Source records Block Start

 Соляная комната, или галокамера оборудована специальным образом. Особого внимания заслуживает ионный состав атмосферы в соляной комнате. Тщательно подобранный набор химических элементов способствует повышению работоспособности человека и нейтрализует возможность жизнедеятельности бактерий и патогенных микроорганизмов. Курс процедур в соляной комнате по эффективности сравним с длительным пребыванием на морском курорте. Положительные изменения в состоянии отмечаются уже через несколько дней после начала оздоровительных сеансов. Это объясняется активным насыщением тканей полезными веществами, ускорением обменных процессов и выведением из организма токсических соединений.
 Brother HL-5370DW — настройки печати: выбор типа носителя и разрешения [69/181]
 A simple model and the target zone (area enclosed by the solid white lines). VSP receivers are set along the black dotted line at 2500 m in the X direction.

Source records Block End
Source records Block Start

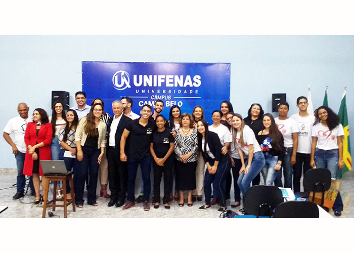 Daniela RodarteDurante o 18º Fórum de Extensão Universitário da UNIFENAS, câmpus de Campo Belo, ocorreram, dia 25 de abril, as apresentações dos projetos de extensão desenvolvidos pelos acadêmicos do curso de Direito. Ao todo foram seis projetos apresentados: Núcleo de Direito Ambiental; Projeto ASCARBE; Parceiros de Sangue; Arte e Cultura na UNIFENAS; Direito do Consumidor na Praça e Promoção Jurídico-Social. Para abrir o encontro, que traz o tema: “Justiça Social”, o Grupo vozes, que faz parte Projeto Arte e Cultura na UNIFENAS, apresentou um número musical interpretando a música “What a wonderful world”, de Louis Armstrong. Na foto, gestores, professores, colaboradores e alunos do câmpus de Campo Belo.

Source records Block End
Source records Block Start

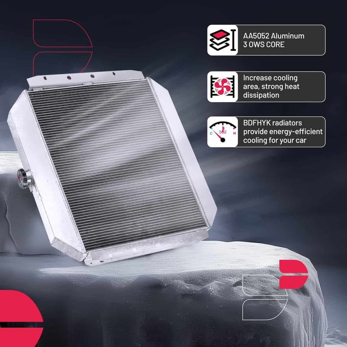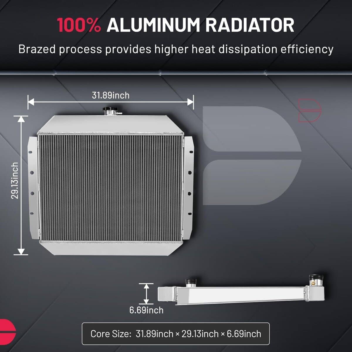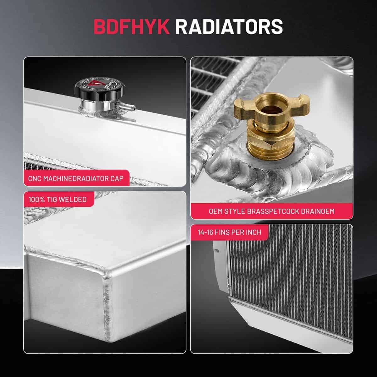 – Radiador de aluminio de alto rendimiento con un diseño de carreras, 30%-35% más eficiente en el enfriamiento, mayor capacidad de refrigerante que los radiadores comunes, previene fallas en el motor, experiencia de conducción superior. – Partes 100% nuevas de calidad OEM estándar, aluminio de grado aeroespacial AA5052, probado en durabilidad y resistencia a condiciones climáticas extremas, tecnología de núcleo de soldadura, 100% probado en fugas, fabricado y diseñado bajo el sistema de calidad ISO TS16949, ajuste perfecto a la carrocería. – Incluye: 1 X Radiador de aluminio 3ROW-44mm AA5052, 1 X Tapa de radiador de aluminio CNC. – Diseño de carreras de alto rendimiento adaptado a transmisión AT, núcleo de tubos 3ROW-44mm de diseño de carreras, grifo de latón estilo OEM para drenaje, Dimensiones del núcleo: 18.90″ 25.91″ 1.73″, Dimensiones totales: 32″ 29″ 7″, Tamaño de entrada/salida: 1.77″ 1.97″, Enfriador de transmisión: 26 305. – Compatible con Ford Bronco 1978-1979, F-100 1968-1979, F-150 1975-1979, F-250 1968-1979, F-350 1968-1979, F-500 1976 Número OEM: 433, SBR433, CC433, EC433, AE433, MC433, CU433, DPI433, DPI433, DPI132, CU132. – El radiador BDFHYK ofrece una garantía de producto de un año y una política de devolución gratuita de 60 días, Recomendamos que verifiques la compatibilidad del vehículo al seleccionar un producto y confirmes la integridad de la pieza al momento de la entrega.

Source records Block End

To do. Copy out the lines above exactly, beginning at the one that contains "Brother HL-5370DW —" and ending at the one that contains "A simple model".

Solution below.
 Brother HL-5370DW — настройки печати: выбор типа носителя и разрешения [69/181]
 A simple model and the target zone (area enclosed by the solid white lines). VSP receivers are set along the black dotted line at 2500 m in the X direction.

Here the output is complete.